A: A linear equation is an equation that can be represented in the form ${$ ax + b = c$}$, where ${$ a$}$, ${$ b$}$, and ${$ c$}$ are constants.

Q: How do I solve a linear equation?

A: To solve a linear equation, you need to isolate the variable on one side of the equation. You can do this by adding, subtracting, multiplying, or dividing both sides of the equation by the same value.

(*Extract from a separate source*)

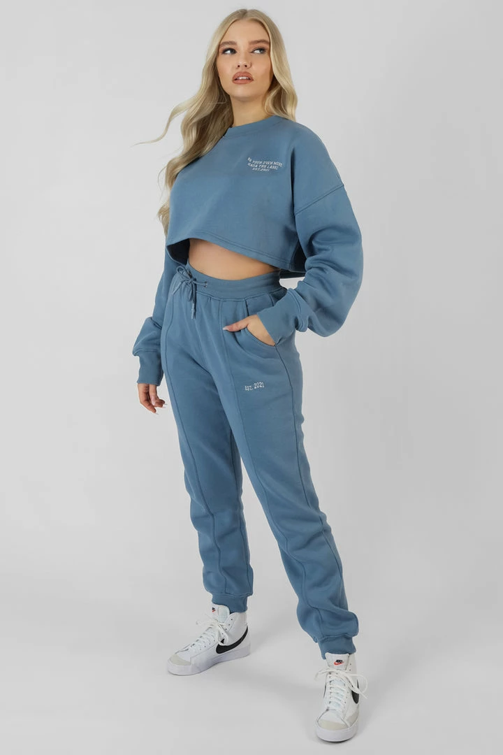OVERSIZED FIT JOGGERS IN BLUE WITH BE YOUR OWN MUSE PRINTEDN ON IN A WAVEY PATTERN. PAIR WITH THE BE YOUR OWN MUSE WAVE PRINT JOGGER FOR THE ULTIMATE SET.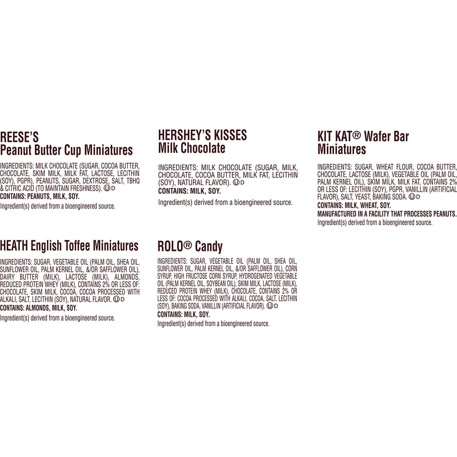 • Includes HERSHEY’S KISSES milk chocolate candy, REESE’S milk chocolate peanut butter cups, ROLO® rich chocolate caramel candy, KIT KAT® milk chocolate wafer bars and HEATH chocolatey English toffee bars

Q: What is the difference between a linear equation and a quadratic equation?

A: A linear equation is an equation that can be represented in the form ${$ ax + b = c$}$, where ${$ a$}$, ${$ b$}$, and ${$ c$}$ are constants. A quadratic equation is an equation that can be represented in the form ${$ ax^2 + bx + c = 0$}$, where ${$ a$}$, ${$ b$}$, and ${$ c$}$ are constants.

Q: How do I know if an equation is linear or quadratic?

A: To determine if an equation is linear or quadratic, you need to look at the highest power of the variable. If the highest power is 1, the equation is linear. If the highest power is 2, the equation is quadratic.

Q: Can I use a calculator to solve a linear equation?

A: Yes, you can use a calculator to solve a linear equation. However, it's always a good idea to check your work by plugging the solution back into the original equation.

Q: What are some real-world applications of solving linear equations?

A: Solving linear equations has numerous real-world applications, including finance, science, and engineering. In finance, linear equations are used to calculate interest rates, investment returns, and credit scores. In science, linear equations are used to model population growth, chemical reactions, and physical systems. In engineering, linear equations are used to design and optimize systems, such as bridges, buildings, and electronic circuits.

Q: Can I use linear equations to solve systems of equations?

A: Yes, you can use linear equations to solve systems of equations. A system of equations is a set of two or more equations that are all true at the same time. You can use linear equations to solve systems of equations by using methods such as substitution or elimination.

Q: What are some common mistakes to avoid when solving linear equations?

A: Some common mistakes to avoid when solving linear equations include:

Not isolating the variable on one side of the equation
Not checking your work by plugging the solution back into the original equation
Not using the correct order of operations (PEMDAS)
Not simplifying the equation before solving it

Here are some additional resources for learning more about solving linear equations:

Online tutorials: There are many online tutorials and videos that can help you learn how to solve linear equations.
Practice problems: Practice problems are a great way to reinforce your understanding of solving linear equations.
Math textbooks: Math textbooks can provide a comprehensive overview of solving linear equations and other mathematical concepts.
Online communities: Online communities, such as math forums and social media groups, can provide a platform for asking questions and getting help with solving linear equations.

By using these resources and practicing regularly, you can become proficient in solving linear equations and apply this skill to real-world problems.